Okay. So here’s my deal with quilting. My grandmother was one heckofa quilter/embroider. She made some amazingly beautiful things. My mother took up the craft later in life. And then, she tried to teach me.
Only I wasn’t game. I wanted to like it. I wanted the end results. But the process was not enjoyable. And I distinctly remember during my lessons a few years ago feeling like, “This is silly. It’s like paint by numbers or something. What is the point of all this work if you are following a pattern and thus know exactly what it’s going to look like in the end? Yeah…you can choose your own colors. But following a pattern means that every time you screw up it’s so visible. And obvious.”
I’ve never liked doing what people tell me to do. So this is no surprise that I was put off by quilting. Still, I was conflicted. Because I really, really wanted to make stuff and have stuff that I made. But I really, really was not liking the whole process. And so that’s why it took two years to do that first quilt for 6.
For the past 6 months, I have had it in my head that I wanted to just sit down and cut. And sew. And see what happens. I didn’t have a name for this. Or a way to go about doing it. I was seriously living in such a vaccuum that I didn’t realize until just last week that people do this all the time. It’s called improv quilting. And it’s a pattern-free way to just cut and sew and create. And stand back and say Wow.
So when I started to think I wanted to do it, though, I wouldn’t let myself until I had finished one of those damn quilts I started for the kids.

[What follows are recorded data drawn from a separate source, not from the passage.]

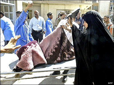 يک زن عراقی در حاليکه با کفشش جسد يک بمب گذار انتحاری را می زند. بمبی در نزديکی يک قرارگاه پليس در غرب بغداد منفجر شد که چهار تن زخمی به جا گذاشت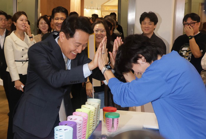 [서울=뉴스핌] 양윤모 기자 = 오세훈 서울시장이 15일 오전 서울 동대문디자인플라자(DDP) 아트홀에서 개최된 ‘DDP디자인페어’ 전시장에서 시민들과 하이파이브를 하고 있다.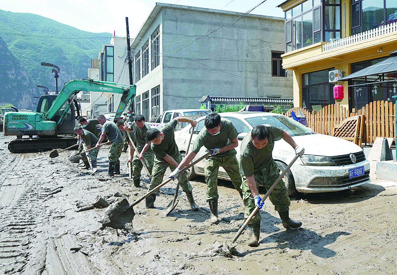 8月8日,志愿者在河北涞水县三坡镇刘家河村道路上清理淤泥。 新华社记者 杨世尧 摄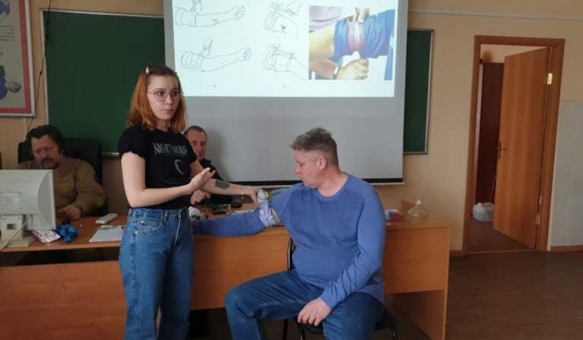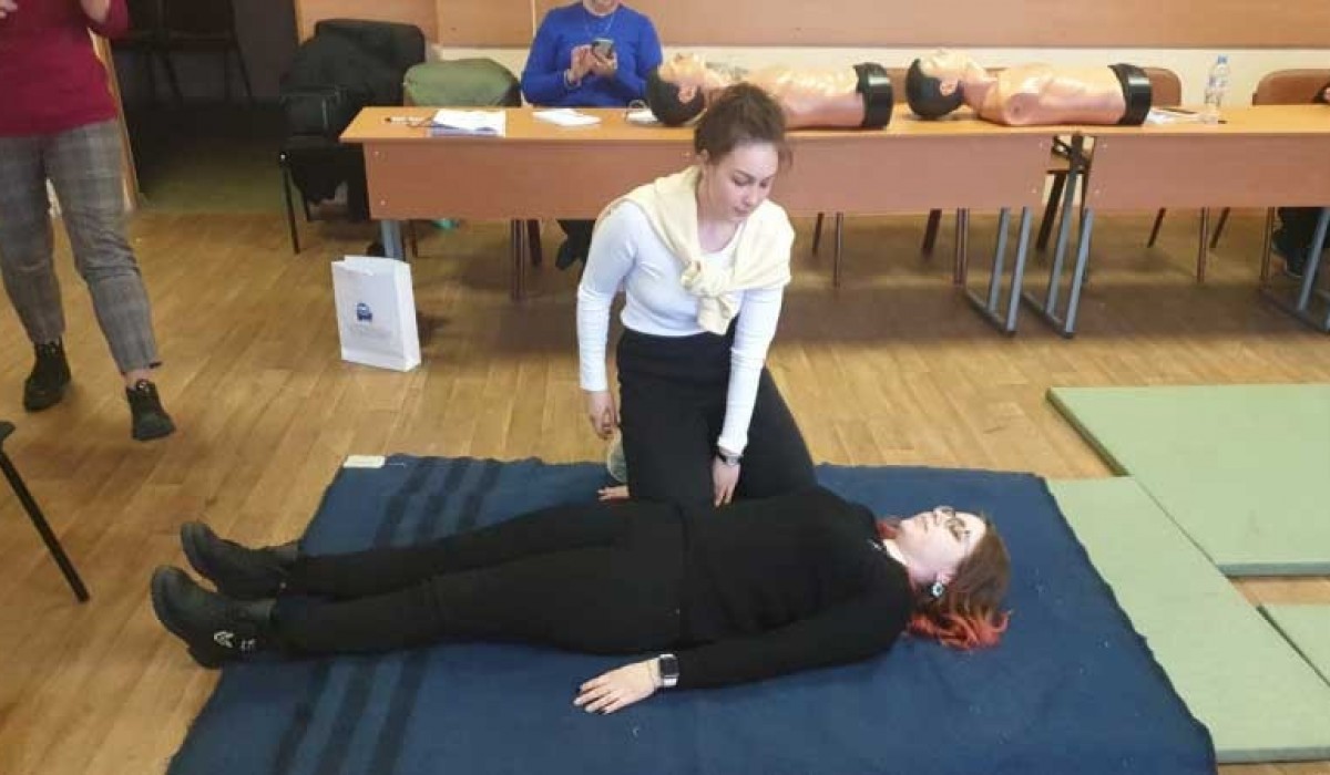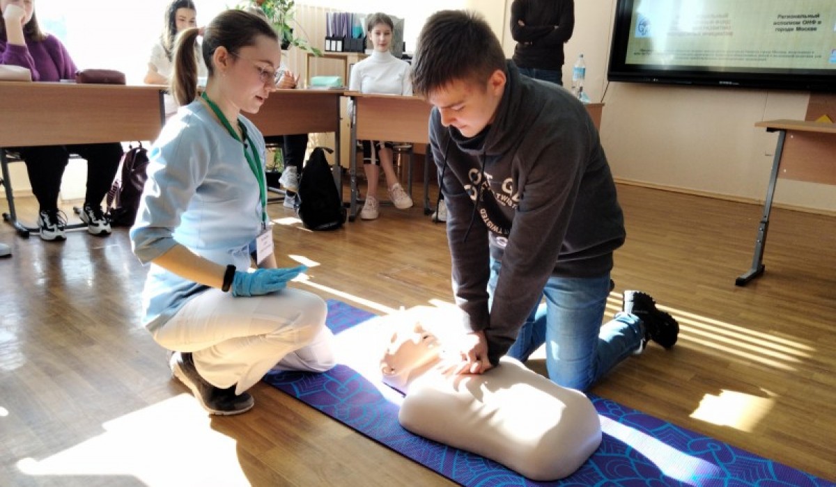 Первое занятие в школе в рамках проекта «Скорая в пути» провела студентка I курса лечебного факультета РГСУ Анастасия Морозова. Она учила детей, как оказывать первую помощь при отсутствии сознания и пульса. «Ученики 8-10 медицинских классов школы получили не только теоретические знания, но и отработали на манекенах все манипуляции, необходимые при оказании помощи.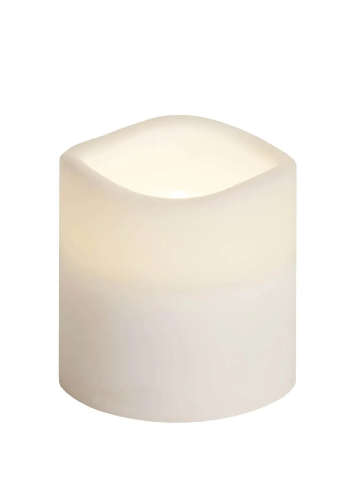 Batteridrivet blockljus i plast för att fungera utomhus såväl som inomhus. Ljuset är vitt 7.5cm högt och har en inbyggd timerfunktion som gör det enkelt att ställa in när ljuset ska lysa. Perfekt att sätta i en lykta på altanen eller trappan för en mysig känsla.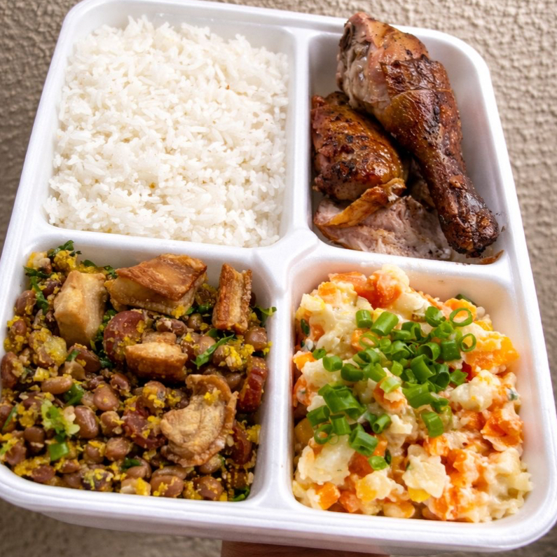 Nossa marmitex caprichada vem com frango assado na brasa, suculento e bem temperado, acompanhado de arroz soltinho, feijão tropeiro saboroso e nossa famosa maionese caseira. Tudo separadinho e sem bagunça Uma refeição completa, feita com carinho e sabor de comida de verdade!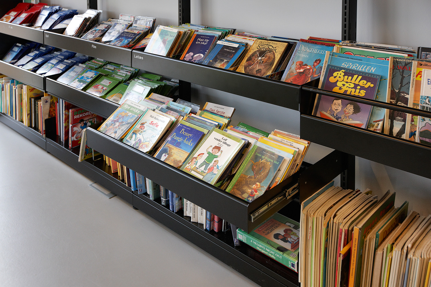 The library is furnished with the Classic Steel Shelving System, London end panel and canopy, and built-in Book Big Lighting. There are also special-made solutions like the integrated tables at the ends of the shelving and the round picture book browsers in the children’s area.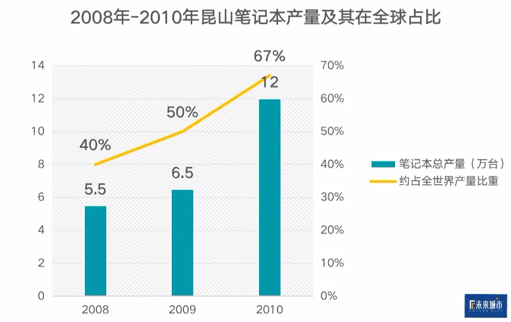 十年突围斩棘,到2010年,昆山出产的笔记本电脑达到峰值的1.2亿台,占全球总产量的三分之二。坊间笑谈,如果昆山IT企业感冒,全球IT市场都要打喷嚏。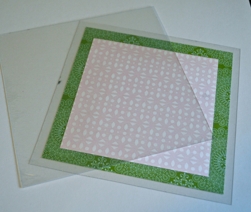 - Peel (BOTH SIDES) off protective coating from bottom layer. Add patterned paper to top of acrylic.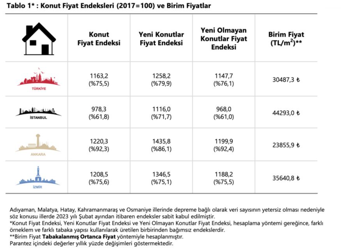 2023 yılı Aralık verileriyle beraber 2023'te konut fiyat artışı netleşti. Ülkemizde konut fiyatları yüzde 75.5 ile hem enflasyonun üzerinde gerçekleşti hem de finansal yatırım araçlarını da geride bıraktı.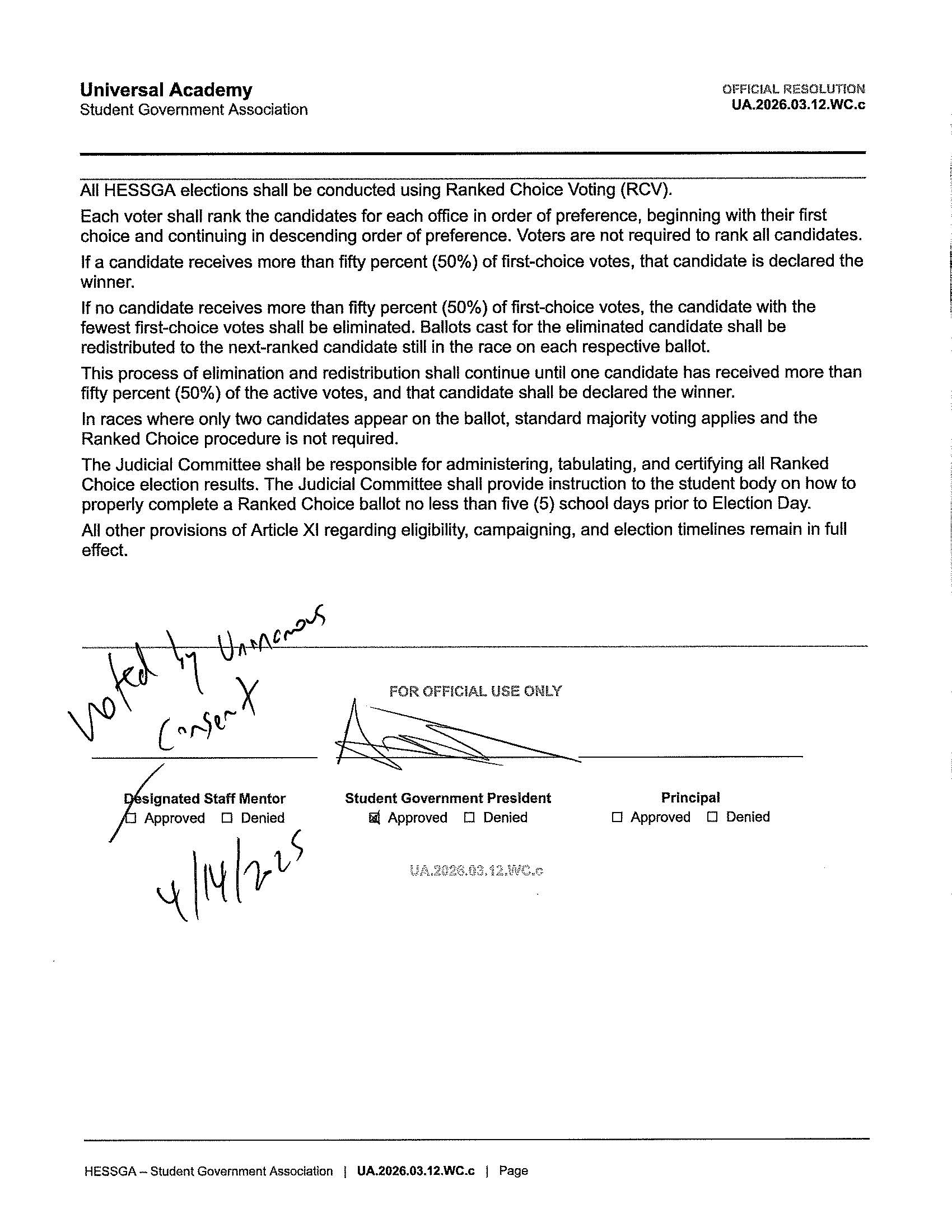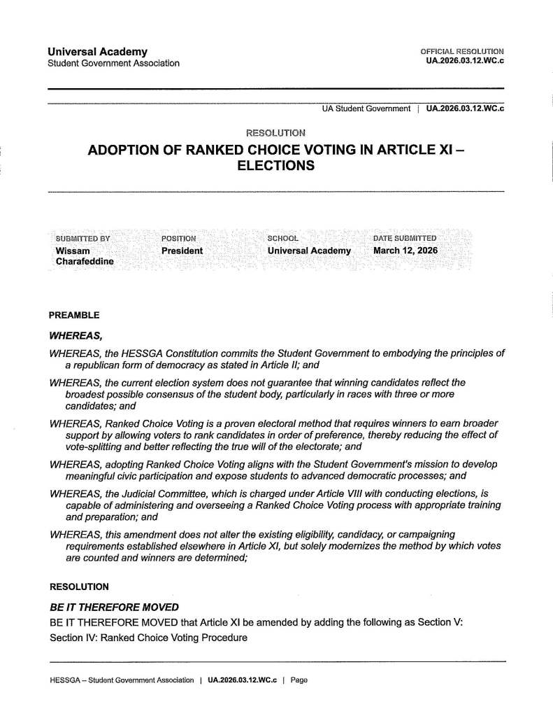 UA.2026.03.12.WC.C: UA Student Government adopts Ranked Choice Voting Unanimously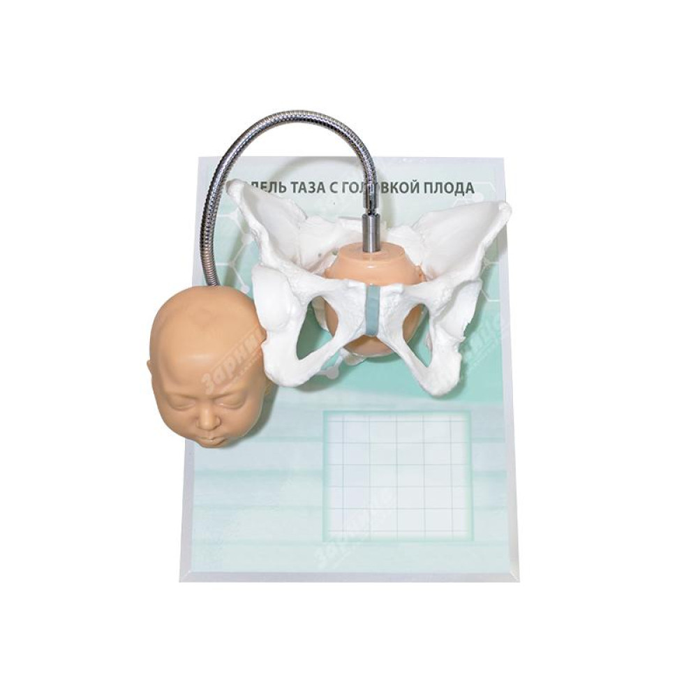 Представляет собой маркерный планшет с установленной анатомической моделью скелета женского таза и двух взаимозаменяемых головок плода: нормального и увеличенного размера, прикрепляемых к гибкому валу, что позволяет демонстрировать прохождение плода в динамике.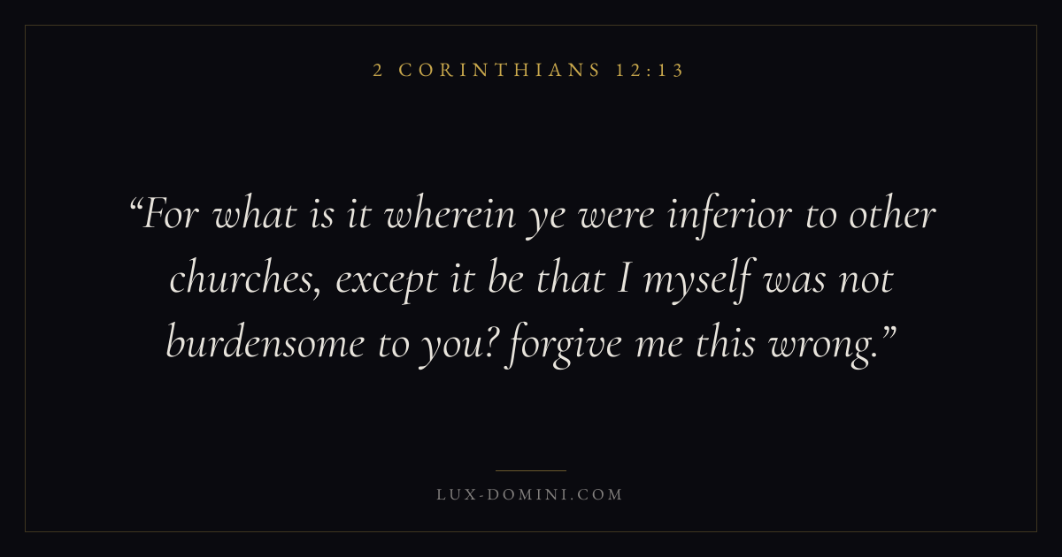 For what is it wherein ye were inferior to other churches, except it be that I myself was not burdensome to you? forgive me this wrong.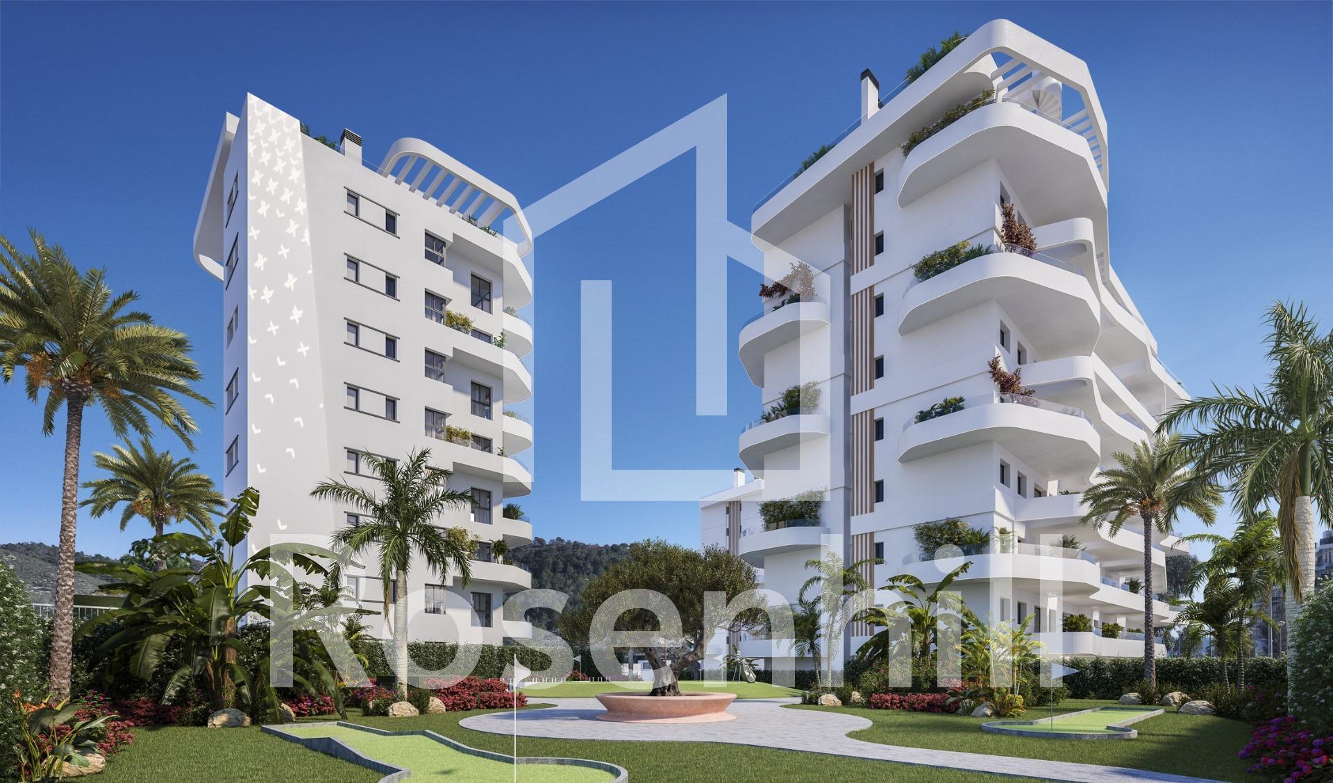 Luxury Resort in Villajoyosa – A Seaside Paradise Discover a Unique Residential Complex in Playa del Torres Located less than a 5-minute walk from the serene Playa del Torres in Villajoyosa, this exclusive new development offers 164 modern apartments and penthouses with 1 to 3 bedrooms. Designed to provide the ultimate lifestyle, the community combines luxury, relaxation, and unparalleled amenities in a tranquil Mediterranean setting. Exceptional Amenities for All Residents The heart of this development is the Roof Top, situated on the rooftop of Block 2. This thoughtfully designed space includes a stunning pool with panoramic views, Chill-out areas, a barbecue zone, a multi-use area, and a gazebo, perfect for socializing or unwinding. Indoor social lounge, ideal for gourmet dining with friends or as a coworking space. For water lovers, the complex features: Tropical-style pools with beach-style access. A heated swimming lane pool, a children’s pool, and a heated jacuzzi. Fitness enthusiasts can enjoy: Indoor and outdoor gyms, complete with a calisthenics circuit. A putting green and mini golf for leisure activities. Modern Homes with Premium Features Each apartment is equipped with: A fully fitted kitchen with high-quality appliances, including a refrigerator, microwave, oven, dishwasher, and an integrated washer/dryer. Energy-efficient aerothermal systems for hot water and air conditioning. Radiant floor heating in bathrooms. High-quality PVC windows with thermal insulation and double glazing. Private parking and storage space for added convenience. The building boasts an A energy rating, ensuring maximum efficiency and sustainability. Perfect Location in Villajoyosa Nestled in Playa del Torres, this complex offers a peaceful retreat surrounded by natural beauty. The beach’s crystal-clear waters and turquoise hues provide an idyllic backdrop for relaxation. The development is conveniently located: 2 km from Villajoyosa’s charming town center. 10 km from Benidorm, with its vibrant nightlife and shopping. 30 minutes by car to Alicante Airport. Villajoyosa, known for its colorful houses and rich history, remains an authentic Mediterranean gem. Recently recognized as the “Best Secret Destination in Europe 2024” by European Best Destinations, this town blends tradition, natural beauty, and tranquility. Your Dream Home Awaits in Playa del Torres Experience the best of modern living in a natural paradise. With its prime location, luxurious amenities, and contemporary design, this development is perfect for those seeking a home by the sea. Contact us today to schedule a visit and make this stunning property yours!

Once I got 6’s done, I took out a small stash of fat quarters I had…and started cutting. And sewing. And cutting. And sewing. And in one week, here’s what I did:
I am not really sure where this will go from here. I am envisioning pale pink fabric to border these wonky blocks up with and turning it into a wall hanging for over my machine. But who knows.
I’m annoyed that I’m so into this project right when I am saying good-bye to the machine for the next 6 weeks. But hopefully my enthusiasm won’t wane while we are traveling and I can pick this up when we get back.
I had no idea what I was doing and am learning as I am going. It feels brave to just jump in there and try. And I’m glad I did.